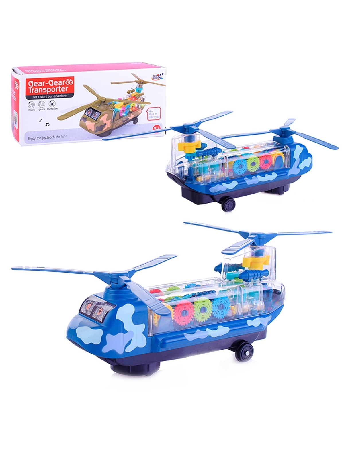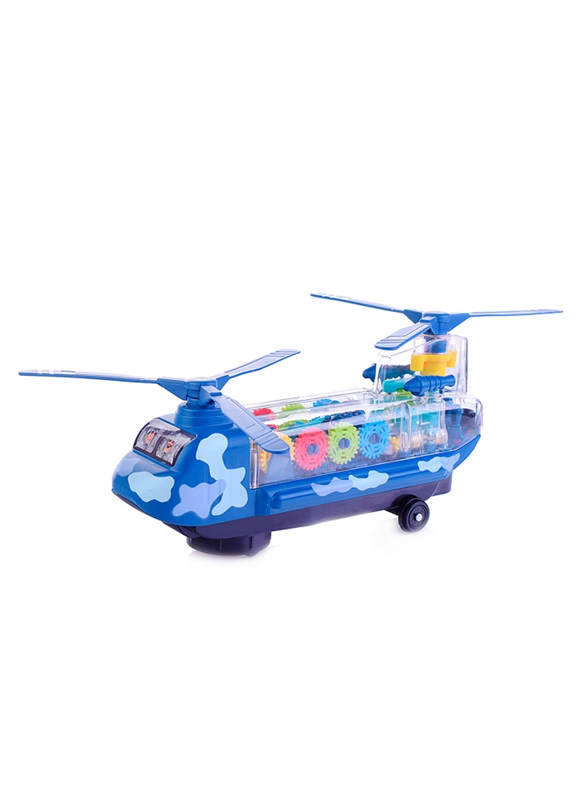 Реалистичные функции: игрушка выполняет плавное движение по кругу, вращает винты, имитирующие реальный полет, и сопровождает его звуками работающего двигателя и световым эффектом корпуса.
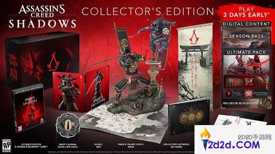 《刺客信条:影》实体典藏版也含有弥助&奈绪江的双人手办,不过由于是在延期前公布的,因此典藏版内容可能会发生变化。目前育碧仍未再次开启游戏预购。
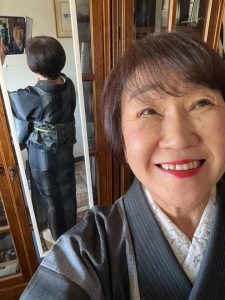着物は紺の結城紬
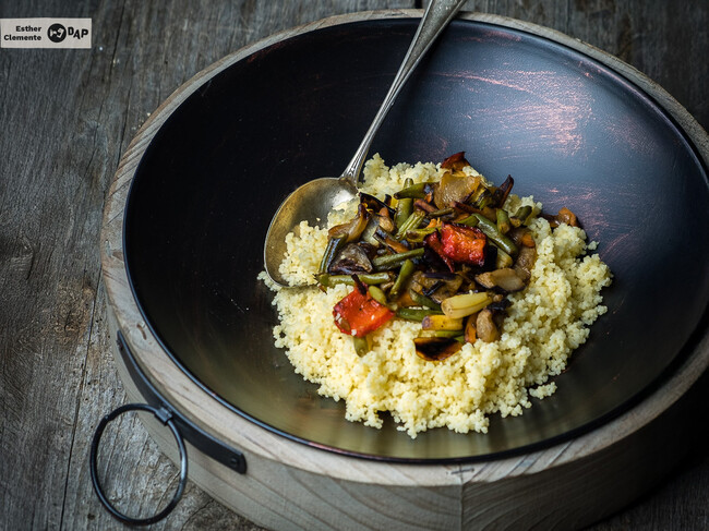 La facilidad con la que se prepara este cuscús es lo que hace que sea un plato perfecto para cuando hay prisa y queremos una comida rápida y sabrosa. Podemos añadirle multitud de ingredientes y es un "fondo de despensa" ideal tanto para salir del paso con el menú del mediodía o de la noche. Es muy similar al tajine de verduras al ras el hanout, y nos lleva también a la cocina marroquí. También nos gusta mucho preparar el cuscús con otros sabores como una ensalada templada al curry, aunque a veces lo sustituimos por el "falso" cuscús de coliflor. Y otro clásico, salvo que seas vegetariano, es combinar cuscús con pollo.

================================

* _Directions for this task_
Leave the pictures out and copy the rest of the data exactly.

* _Result of the task_
 Реалистичные функции: игрушка выполняет плавное движение по кругу, вращает винты, имитирующие реальный полет, и сопровождает его звуками работающего двигателя и световым эффектом корпуса.
 《刺客信条:影》实体典藏版也含有弥助&奈绪江的双人手办,不过由于是在延期前公布的,因此典藏版内容可能会发生变化。目前育碧仍未再次开启游戏预购。
着物は紺の結城紬
 La facilidad con la que se prepara este cuscús es lo que hace que sea un plato perfecto para cuando hay prisa y queremos una comida rápida y sabrosa. Podemos añadirle multitud de ingredientes y es un "fondo de despensa" ideal tanto para salir del paso con el menú del mediodía o de la noche. Es muy similar al tajine de verduras al ras el hanout, y nos lleva también a la cocina marroquí. También nos gusta mucho preparar el cuscús con otros sabores como una ensalada templada al curry, aunque a veces lo sustituimos por el "falso" cuscús de coliflor. Y otro clásico, salvo que seas vegetariano, es combinar cuscús con pollo.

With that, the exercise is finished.